Dr.Rohan Goel – Plastic & Aesthetic Surgery | Muzaffarnagar

Cancer Reconstruction (Oncoplastic Surgery)

Cancer reconstruction, also known as oncoplastic surgery, is a highly specialized branch of plastic and reconstructive surgery performed to restore form, structural integrity, and function following the surgical removal (resection) of a tumor. Whether addressing defects from skin cancer, breast cancer, or head and neck tumors, a cancer resection often leaves behind significant tissue gaps, structural voids, or functional deficits.

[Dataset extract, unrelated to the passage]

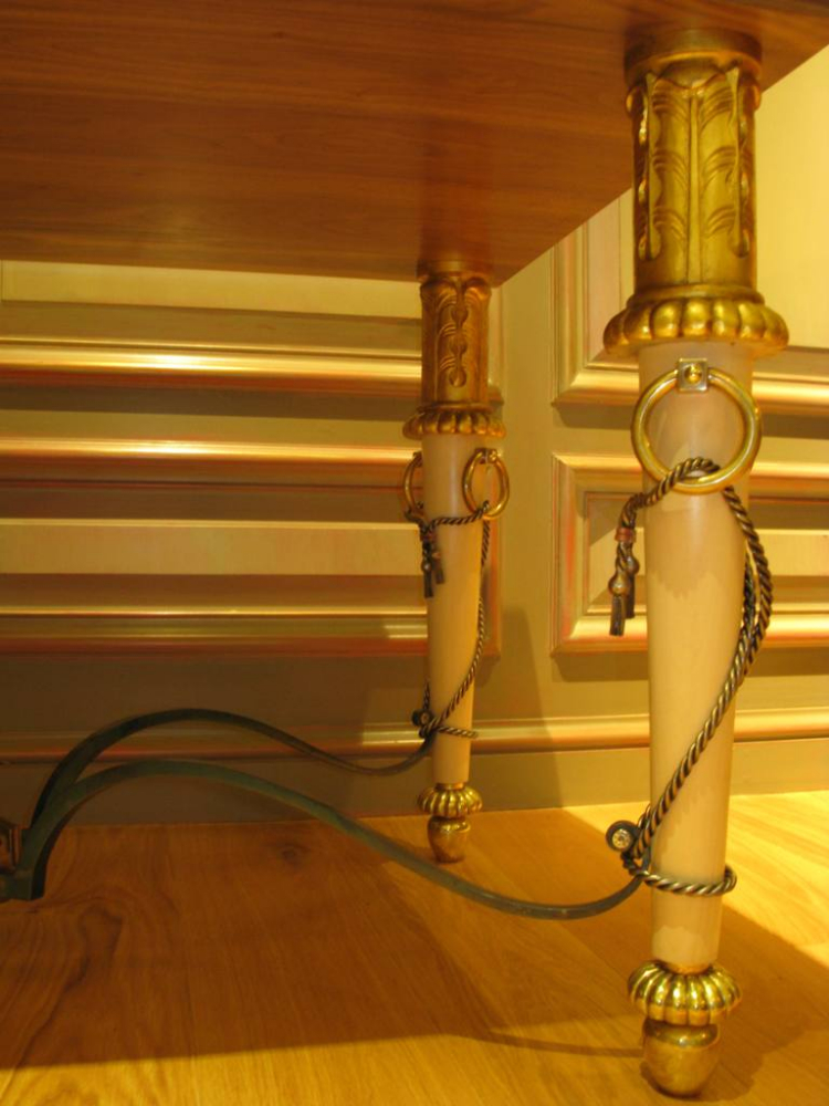 We worked from one small conceptual image to recreate the design elements of this intricate and ornate table. Once our overall design was signed off, work began in earnest here in the Ironart workshop to create each individual componant of the sofa table. With enormous attention to detail, the team drew on all their expertise to recreate a truly stunning and completely unique piece of interior furniture.

Working in close tandem with your oncology team, a plastic surgeon builds a tailored structural framework to close these defects. The dual priority of cancer reconstruction is to ensure oncological safety (allowing complete tumor clearance) while simultaneously restoring natural anatomy, physical comfort, and aesthetic wholeness.

Quick Facts

Timing Options

Can be performed simultaneously with tumor removal (immediate reconstruction) or weeks to months after all oncological treatments are complete (delayed reconstruction).

Anesthesia

Local anesthesia with sedation for minor skin cancer defects; general anesthesia for complex breast or head and neck reconstructions.

Stay Required

Outpatient for local skin flaps; 1 to 5 nights in the hospital for complex multi-tissue reconstructions or microvascular free tissue transfers.

Initial Recovery

2 to 3 weeks for primary incision healing; 6 to 8 weeks for deep structural tissue adaptation before resuming high-impact physical activities.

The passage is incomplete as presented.